Derrière les batailles intestines du PS, l’absence de débat de fond
POLITIQUE – Moribond, le Parti socialiste ? Trois hommes aspirent en tout cas à en prendre la tête. À quelques semaines du 81e congrès, prévu à Nancy du 13 au 15 juin, le dépôt officiel des textes d’orientation vient acter les trois candidatures en lice : le sortant Olivier Faure, son challenger Nicolas Mayer-Rossignol et le président du groupe PS à l’Assemblée Boris Vallaud.
Si les manœuvres, les coups de poker et les ralliements se sont multipliés en coulisses, c’est rarement au profit du débat d’idées. Les principaux points d’achoppement entre les différents courants concernent la question du périmètre de l’union à bâtir.
Dans leur communiqué de presse du 24 avril, les partisans de Nicolas Mayer-Rossignol reviennent en longueur sur leur refus de s’associer de près ou de loin à La France insoumise, rejetant ceux qui « exalteraient le populisme » et « alimenteraient la haine antisémite ». De même, ils se félicitent d’être parvenus à construire « un nouveau rassemblement », autour d’une « équipe renouvelée et expérimentée ». Ils tendent « à nouveau la main » à Boris Vallaud et disent vouloir porter « une clarification de la ligne du Parti socialiste ».
Des mots qui mettent en lumière l’absence cruelle d’idées nouvelles, de propositions, d’apports au débat. Rien sur le travail, l’écologie, l’école, la santé, la sécurité, la culture, les relations internationales… Seulement des mots creux et des formules qui claquent. « Leur seule obsession est de faire tomber Olivier. C’est pour ça qu’ils se sont alliés », moque un membre de l’entourage du Premier secrétaire.
« Le PS n’a pas de projet », reconnaît un cadre du PS proche de Boris Vallaud. Il explique : « Après le congrès de Marseille [en 2023], on a passé deux ans à se demander si on aime bien Jean-Luc Mélenchon ou pas. Pendant ce temps-là, on n’a pas bossé ». Il appelle son parti à « se retrousser sérieusement les manches » et à « arrêter les conneries ».
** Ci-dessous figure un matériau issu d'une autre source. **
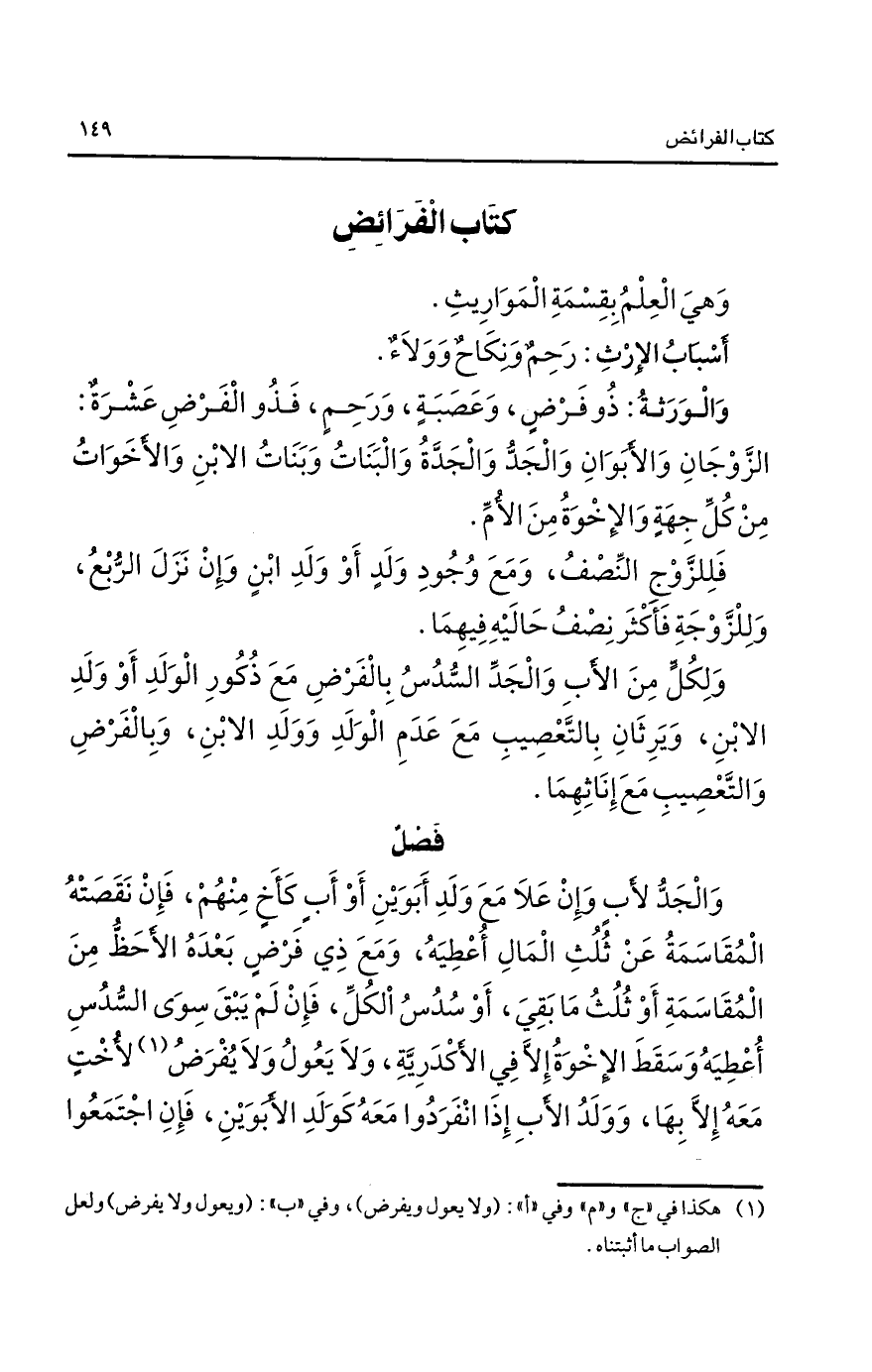 1هكذا في "ج" و "م" وفي "أ": ولا يعول ويفرض، وفي "ب": يعول ولا يفرض ولعل الصواب ما أثبتناه.

« Les gens ne savent plus ce que pense le PS »
« On se perd dans des chicayas tellement anecdotiques qu’ils en seraient risibles si la situation nationale et internationale n’était pas aussi grave », acquiesce un député. Un sénateur proche d’Olivier Faure raconte : « À chaque bureau national, nos opposants parlent calendrier, alliances, tactiques… Concentrons-nous sur les Français, la stratégie viendra après ». Il aimerait que des sujets nouveaux, comme le numérique et l’intelligence artificielle, imprègnent le débat politique. Mais regrette : « On est dévitalisé. Aujourd’hui, les gens ne savent plus ce qu’on pense. Toutes nos discussions portent sur la stratégie, mais normalement c’est ce qui arrive à la toute fin ».
Le constat est d’autant plus terrible qu’en face, les Insoumis s’activent sur le fond. Ils ont présenté, en début d’année, une version réactualisée de leur programme l’Avenir en commun, qui comporte plusieurs centaines de mesures, alimentées par des auditions de chercheurs, d’associations, de syndicats… En 2022, si le programme de la Nupes s’était largement inspiré de celui de La France insoumise, c’est aussi parce que les socialistes n’en avaient pas à faire valoir. « Le premier jour, Pierre Jouvet [l’un des négociateurs du PS] est arrivé en nous parlant répartition des circonscriptions. On lui a tout de suite rappelé qu’ici, on discute d’abord du programme », rigole un Insoumis.
Créer une académie pour renforcer le travail de fond ?
D’où l’idée formulée par Boris Vallaud de créer une « académie Léon Blum », qui ferait à la fois office de « véritable centre intellectuel » et « d’école de formation » pour cadres et militants. Une façon de réinjecter du débat de fond dans un parti qui en manque cruellement. « Quelle idée nouvelle a été mise dans le débat public par les socialistes ces dernières années ? Citez-moi en une », interroge un député LFI, conscient des lacunes de son ex-allié.
La confrontation d’idées est tellement absente au PS que certaines figures autrefois alliées à Olivier Faure, ou membres de l’aile gauche, peuvent opérer un sérieux virage à droite sans être questionnées sur le fond. Ainsi de Jérôme Guedj, ex-frondeur du quinquennat Hollande, qui se retrouve dans le même courant que Stéphane Le Foll, alors porte-parole du gouvernement. Ou encore Philippe Brun, chantre autoproclamé des classes populaires qui avait rendu sa carte du PS en 2015, écœuré par la politique économique et sociale de François Hollande. Un congrès du Parti socialiste ne serait rien sans ses mystères et ses intrigues de couloirs.